As one, Damini and the two yakshini turned. ‘We have to go, before the Leyakians reach the mansion.’
I shivered at the thought of Biyu returning here and finding us gone.
Biyu, I called out to her, Damini’s here. She has the sceptre. Come back.
‘I just called her,’ I told Damini. ‘I don’t know if she heard me. Can we wait a few minutes before I give it another try?’
The brows of Damini and the yakshini crimped in unison. I shuddered. All three chewed one corner of their mouth and raised their shoulders.
‘All right,’ Damini said. ‘Three minutes.’ She eyed Cubchick. Her shoulders relaxed. A faint smile raised her cheeks. ‘So, tell me then, explain what happened.’

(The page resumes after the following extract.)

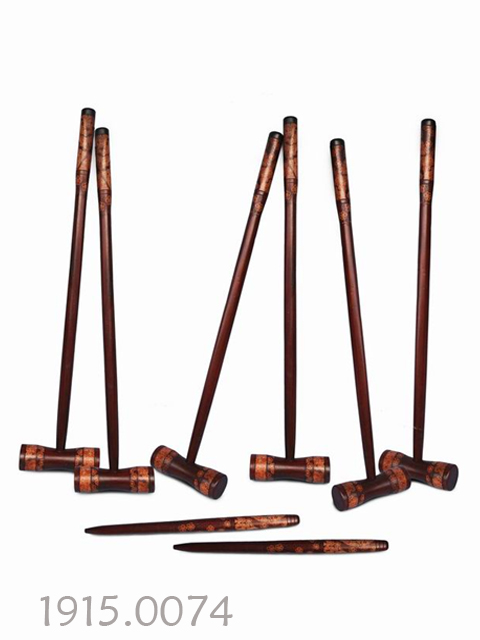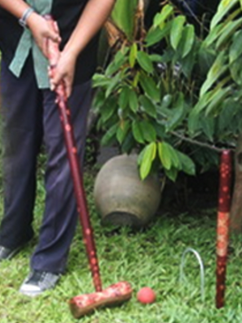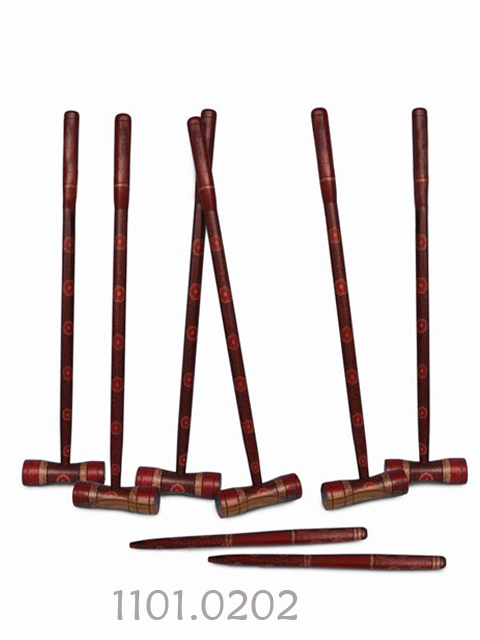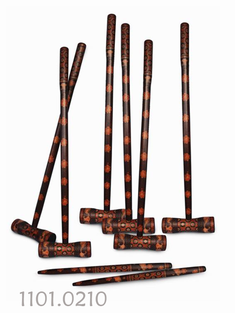 Croquet set, consists of: 6 pcs mallets, 2 pcs stakes, 1 pcs rubber ball, 1 pcs metal wicket. Mallet and stake from wadang and black wood, ceplok suko and mlati motive batiked, red and dark red color, aqua laquer coating.

Glad for something to do while we waited, I described the underwater earthquake Cubchick had caused and how it had helped lift Biyu to the ocean’s surface.
I had finished describing my encounter with the demoness when, as if on cue, a shadow filled the clearing. Biyu, a blue dragon, descended. I put down Cubchick, lifted the shoulder bag’s strap over my head and unpacked Biyu’s clothes.
Damini stepped forward to greet the humanoid Biyu, her arms outstretched.
Biyu just nodded.
‘Er, naked,’ she said, and then started to dress.
Damini’s cheeks reddened.
Biyu finished tying her laces, stood up and gave Damini a hug.
‘The Leyakian battleship is on fire,’ she said. ‘I couldn’t do anything about the landing vessels. I didn’t want to risk burning the soldiers guarding the shoreline.’
Damini turned and headed for the mansion.
‘I’m glad you didn’t fire on them,’ she said, her back to us. ‘Father’s there. He’s overseeing the island’s defences.’
Damini strode into the mansion, the yakshini close behind. We skirted the copse of macadamias, passed through the lead-lined passageway, entered the warded room and approached the tree branch on which an empty glass case rested. Damini vaulted over a tree root and touched a panel in the wall. A door swung open, and a ball of heat struck my face.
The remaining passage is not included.